In explaining their theory, the scientists involved make much of the analogy that, if you stand near enough to a TV screen, you will be able to see the individual pixels that, as you move away, image resolves into a whole image with the individual pixels no longer distinguishable as separate points of light.
So, the scientists propose that if the characters displayed on a TV screen don't know that their apparent 3-D world exists only on a 2-D screen, we too could also be ignorant to the possibility that our 3-D space is also just an illusion. As such, the Fermilab scientists believe that the information about everything contained in our universe may somehow be embedded in tiny packets of information in two dimensions.
The scientists further premise that this information is contained in a "pixel size" container approximately 10 trillion, trillion times smaller than an atom, (a dimension of size that physicists call the Planck scale). At this sub-atomic scale, standard physics no longer holds much sway and quantum theory dictates the rules. As such, it is not possible – in accordance with Heisenberg’s uncertainty principle – to know both the precise location and the exact speed of subatomic particles at the same time.
As a result, his phenomenon ensures that matter continues to jitter as quantum waves even when cooled to absolute zero. If the digitized space proposed by the researchers continues to vibrate even in its lowest energy state, they believe that their theory may be proved correct.
To attempt to test this premise, the Fermilab researchers have designed and built what they call a "Holometer" – or holographic interferometer – to see if the characteristic quantum jitter that exists in matter is also found in empty space.
"We want to find out whether space-time is a quantum system just like matter is," says Craig Hogan, developer of the holographic noise theory and a director at Fermilab. "If we see something, it will completely change ideas about space we’ve used for thousands of years."
Recently commissioned and now operating at full power, the Holometer uses a pair of interferometers (devices that superimpose one laser beam over another to look for anomalies in intensity or phase to test an external influence) located next to each other. Each interferometer directs a one-kilowatt laser beam at a beam splitter and then down two 40-m (130-ft) arms located at right-angles to one another.
The laser beams are then reflected and returned to the beam splitter and the two beams are recombined; if there is any motion detected, fluctuations in the brightness of the combined beam will result. Researchers will then analyze these fluctuations to see if the beam is being influenced by the jitter of space itself.
One major difficulty in such a test will be noise – "Holographic noise", the researchers call it – which they expect to be present at all frequencies.
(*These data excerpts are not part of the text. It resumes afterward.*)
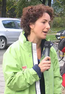 Between October 2003 and January 2004, Halsema was on maternity leave. She got twins. Marijke Vos, the vice-chair of the parliamentary party took over as party leader. After her return to the House of Representatives, Halsema started a debate about the course of the left in general and GroenLinks in particular. She claimed that her party was the last "left liberal party in the Netherlands".[17] She called for increased cooperation with the Socialist Party, the Labour Party and GroenLinks, aiming at a left-wing majority government after the 2007 election. She asked Labour Party leader Wouter Bos to speak out in favour of such a cabinet, but he refused in order to allow for a possible coalition of the Labour Party and the Christian Democratic Appeal. In January 2006, she was elected "Liberal of the Year" by the Youth Organisation Freedom and Democracy, the youth organisation of the People's Party for Freedom and Democracy (VVD), because of her new political course, in particular where it came to reforming the welfare state.[18] In June 2006, she was the only candidate for the top spot on her party's list.[19] During the campaign, she published Linkse lente (Left-wing Spring), a book co-authored by Michiel Zonneveld, which blends her political vision and personal biography. In the 2006 election the party lost another seat.
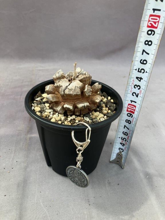 今回の販売分からプランツタグの代りにノベルティとして「長谷川亀甲竜キーホルダー」が付きます。最近人気のコーデックス・塊根(かいこん)植物としてファンを持つこの植物。名前のごとく、何十年と時を経て亀の甲羅のようなイモに育ってゆく珍しい植物です。
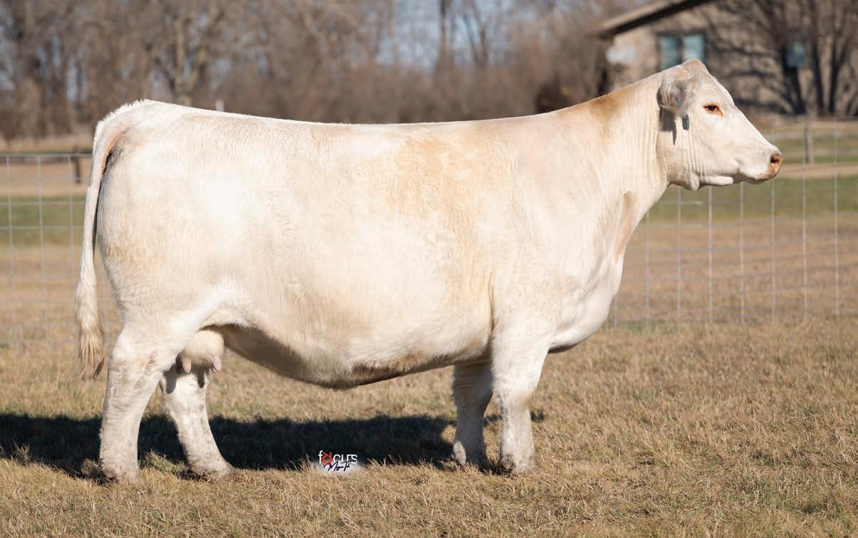The last direct 2120 daughter to ever be offered in Marion, SD. 2120 has created quite the legacy and her influence will live on through her many powerful daughters who are working for some of the top programs in the breed. Maternal sisters would include S/N Missing Mirage Legacy 372 ET, the popular many time champion of Caroline Huebner’s in 2024, SS Missing Mirage 0201, who is the dam of the $37,500 high selling female in the 2025 Family Event selected by the Bates Family, SS Evermore Mirage 137 ET, the past $105,000 Family Event high selling female who is now working as a donor of us and the Lehrman family, SS Missing Mirage 117, the $62,500 high selling ½ interest donor for Cates Farms, who in a short time has raised females commanding $115,000 and $60,000, and SS Hope’s Mirage ET who has raised females who sold for $35,000, $33,000 and $27,000. The proof is right in front of you and this white female is ready to work.
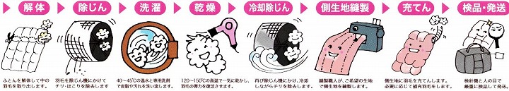 当店ではせっかくのリフォームを機に、除塵後に汗や臭い、ダニの残骸などもスッキリ洗い流す、羽毛の完全洗浄工程を含む最も丁寧で衛生的なリフォーム方法を採用しています。
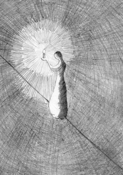 Niektóre z tych rysunków mają niemal mistyczny wymiar. Przykładowo: nad ciałem (może to stan śmieci klinicznej?) pojawiły się postaci jakby odziane w poświatę. Domyślamy się zaledwie, że to opiekuńcze duchy, może anioły… Tu autorka dopuszcza wielość interpretacji, o to chyba chodzi – wszak owa różnorodność odczuć jest w obszarze sztuki właściwa, wprost wskazana.

To mitigate this, the Holometer is testing at frequencies of many megahertz so that motions contained in normal matter are claimed not to be a problem. The dominant background noise of radio wave interference will be the most difficult to filter out, according to the team.
"If we find a noise we can’t get rid of, we might be detecting something fundamental about nature – a noise that is intrinsic to space-time," said Fermilab physicist Aaron Chou. "It’s an exciting moment for physics. A positive result will open a whole new avenue of questioning about how space works."
The Holometer team is made up of 21 scientists and students from Fermilab, MIT, the University of Chicago and the University of Michigan, with the experiment set to gather data over the coming year.